-- Problem statement --
An exact reproduction is needed of every line from the beginning of the data down to and including the line that contains "Ownership: | 100.0000000000% |", minus the pictures.

-- Data below --
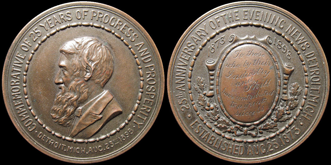 346a) 1898 25th anniversary of the Detroit Evening News. Look at Presidential sale #56 lot#1640 for an example. Very Rare. Bronze, 41.5mm |
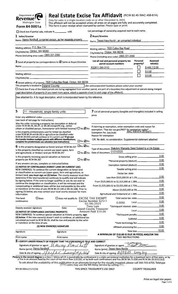 | Mailing Address: | 48 S SHERMAN RD COUPEVILLE, WA 98239-3301 | % Ownership: | 100.0000000000% |
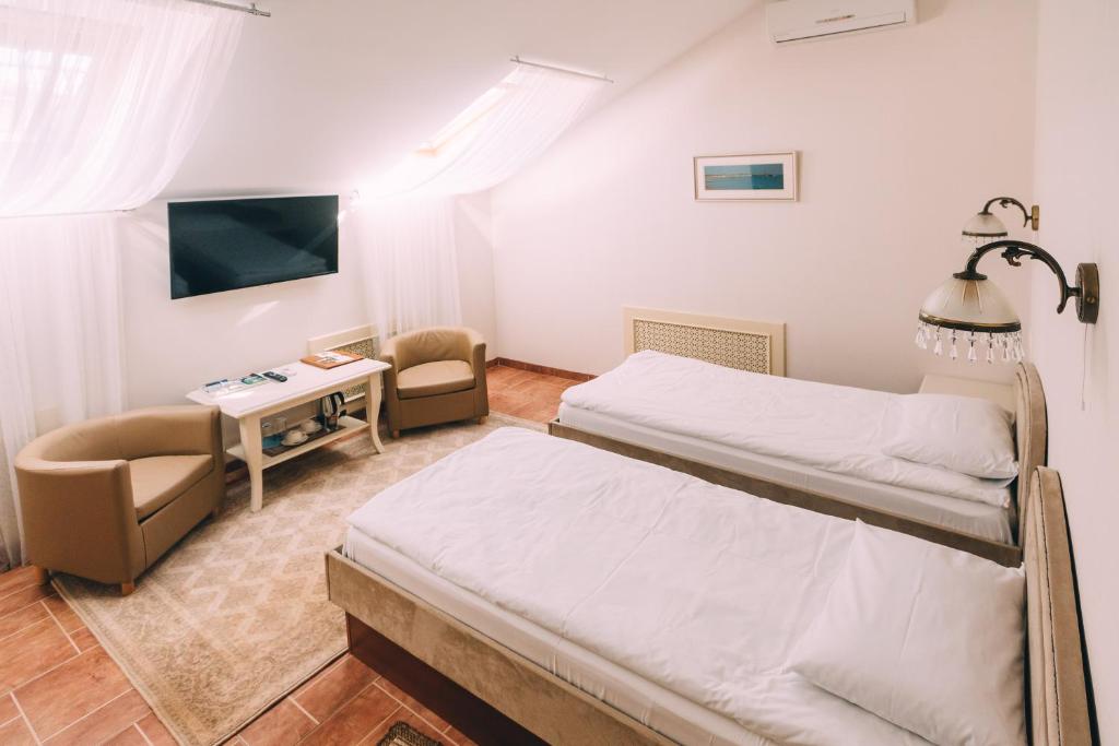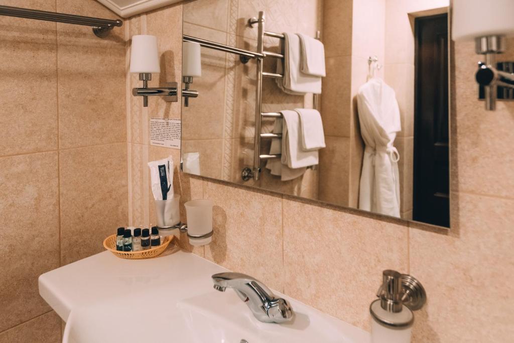 شاید زباله های کافی در اتاق وجود نداشته باشد ، زیرا یکی از حمام ها بسیار کوچک است. این همچنین یک کتری در اتاق خواهد بود ، اما ، این یک آرزو است ، نه یک منهای. پارکینگ خیلی راحت نیست - مکان های بسیار کمی وجود دارد ، و از آنجا که یک رستوران وجود دارد ، نه تنها میهمانان هتل می آیند ، بلکه میهمانان رستوران نیز هستند ، فکر می کنم همه در فصل مکان ها گم شده اند در غیر این صورت ، هیچ چیز برای شکایت در مورد :)
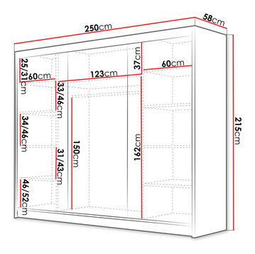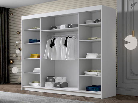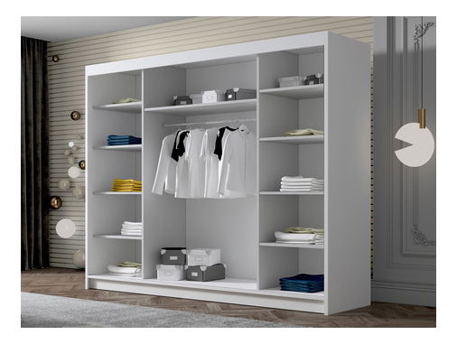 ZobrazitOriginální vzhled šatní skříně s posuvnými dveřmi Fozzurt VII 200 cm se perfektně hodí k modernímu designu interiéru. Ke glamour stylu dokonale zapadají také módní barvy, šik detaily a jednoduchost, se kterou byl nábytek navržen. Ozdobné lišty připevněné na čela šatníku zde dodávají avantgardní prvek. Prostorná šatní skříň Fozzurt VII 200 s posuvnými dveřmi je skvělým základem domácího šatníku. Kombinace prostorných polic a prostoru pro zavěšení věšáků znamená, že nábytek nabízí spoustu místa pro oblečení, doplňky a různé druhy doplňků.

-- Result for this task --
 346a) 1898 25th anniversary of the Detroit Evening News. Look at Presidential sale #56 lot#1640 for an example. Very Rare. Bronze, 41.5mm |
 | Mailing Address: | 48 S SHERMAN RD COUPEVILLE, WA 98239-3301 | % Ownership: | 100.0000000000% |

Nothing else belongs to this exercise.